• _What you will do_
Find the line with "Bring an offer!!" in the entries below, then output every line from it down to the line with "Beautiful well-maintained garden-style", exactly and with no pictures.

• _Supplied material_

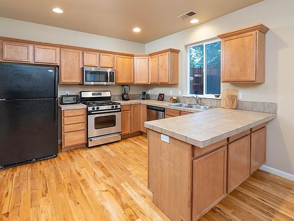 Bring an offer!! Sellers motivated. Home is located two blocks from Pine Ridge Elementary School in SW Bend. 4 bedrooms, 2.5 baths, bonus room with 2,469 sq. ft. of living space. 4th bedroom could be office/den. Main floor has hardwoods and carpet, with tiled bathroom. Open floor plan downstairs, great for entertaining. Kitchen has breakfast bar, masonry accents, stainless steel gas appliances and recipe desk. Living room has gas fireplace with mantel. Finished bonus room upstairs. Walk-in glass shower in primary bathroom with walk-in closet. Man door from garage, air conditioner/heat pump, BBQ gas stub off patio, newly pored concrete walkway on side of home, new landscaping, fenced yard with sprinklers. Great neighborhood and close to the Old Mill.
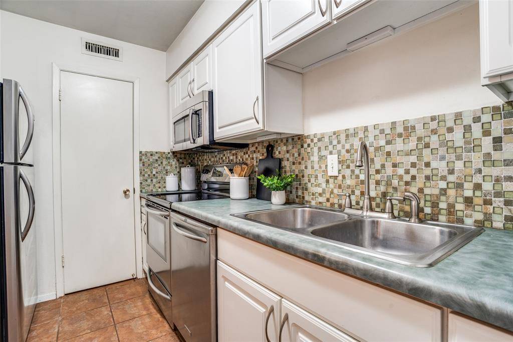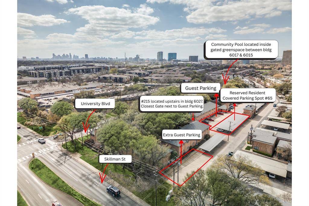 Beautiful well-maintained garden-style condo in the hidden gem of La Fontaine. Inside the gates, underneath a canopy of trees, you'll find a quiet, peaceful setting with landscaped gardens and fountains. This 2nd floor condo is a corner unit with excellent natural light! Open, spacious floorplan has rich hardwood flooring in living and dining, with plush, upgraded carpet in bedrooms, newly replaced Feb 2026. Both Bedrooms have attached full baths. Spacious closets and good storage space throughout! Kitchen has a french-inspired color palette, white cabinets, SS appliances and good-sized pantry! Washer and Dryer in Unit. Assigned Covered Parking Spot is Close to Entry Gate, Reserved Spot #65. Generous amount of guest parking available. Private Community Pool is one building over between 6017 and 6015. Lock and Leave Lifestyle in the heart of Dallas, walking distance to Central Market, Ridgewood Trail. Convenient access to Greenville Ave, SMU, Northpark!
==
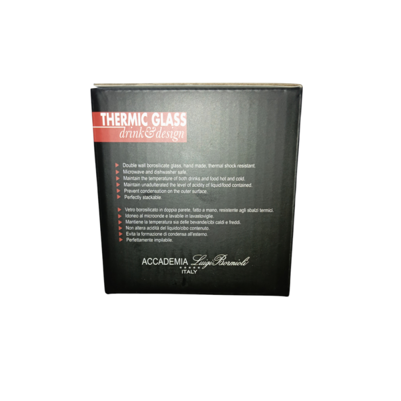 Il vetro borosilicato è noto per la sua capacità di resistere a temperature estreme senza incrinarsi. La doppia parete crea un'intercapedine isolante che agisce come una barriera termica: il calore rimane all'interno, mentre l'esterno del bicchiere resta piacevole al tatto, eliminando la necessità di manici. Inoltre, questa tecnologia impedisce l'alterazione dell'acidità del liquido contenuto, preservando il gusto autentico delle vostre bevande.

• _Output of the exercise_
 Bring an offer!! Sellers motivated. Home is located two blocks from Pine Ridge Elementary School in SW Bend. 4 bedrooms, 2.5 baths, bonus room with 2,469 sq. ft. of living space. 4th bedroom could be office/den. Main floor has hardwoods and carpet, with tiled bathroom. Open floor plan downstairs, great for entertaining. Kitchen has breakfast bar, masonry accents, stainless steel gas appliances and recipe desk. Living room has gas fireplace with mantel. Finished bonus room upstairs. Walk-in glass shower in primary bathroom with walk-in closet. Man door from garage, air conditioner/heat pump, BBQ gas stub off patio, newly pored concrete walkway on side of home, new landscaping, fenced yard with sprinklers. Great neighborhood and close to the Old Mill.
 Beautiful well-maintained garden-style condo in the hidden gem of La Fontaine. Inside the gates, underneath a canopy of trees, you'll find a quiet, peaceful setting with landscaped gardens and fountains. This 2nd floor condo is a corner unit with excellent natural light! Open, spacious floorplan has rich hardwood flooring in living and dining, with plush, upgraded carpet in bedrooms, newly replaced Feb 2026. Both Bedrooms have attached full baths. Spacious closets and good storage space throughout! Kitchen has a french-inspired color palette, white cabinets, SS appliances and good-sized pantry! Washer and Dryer in Unit. Assigned Covered Parking Spot is Close to Entry Gate, Reserved Spot #65. Generous amount of guest parking available. Private Community Pool is one building over between 6017 and 6015. Lock and Leave Lifestyle in the heart of Dallas, walking distance to Central Market, Ridgewood Trail. Convenient access to Greenville Ave, SMU, Northpark!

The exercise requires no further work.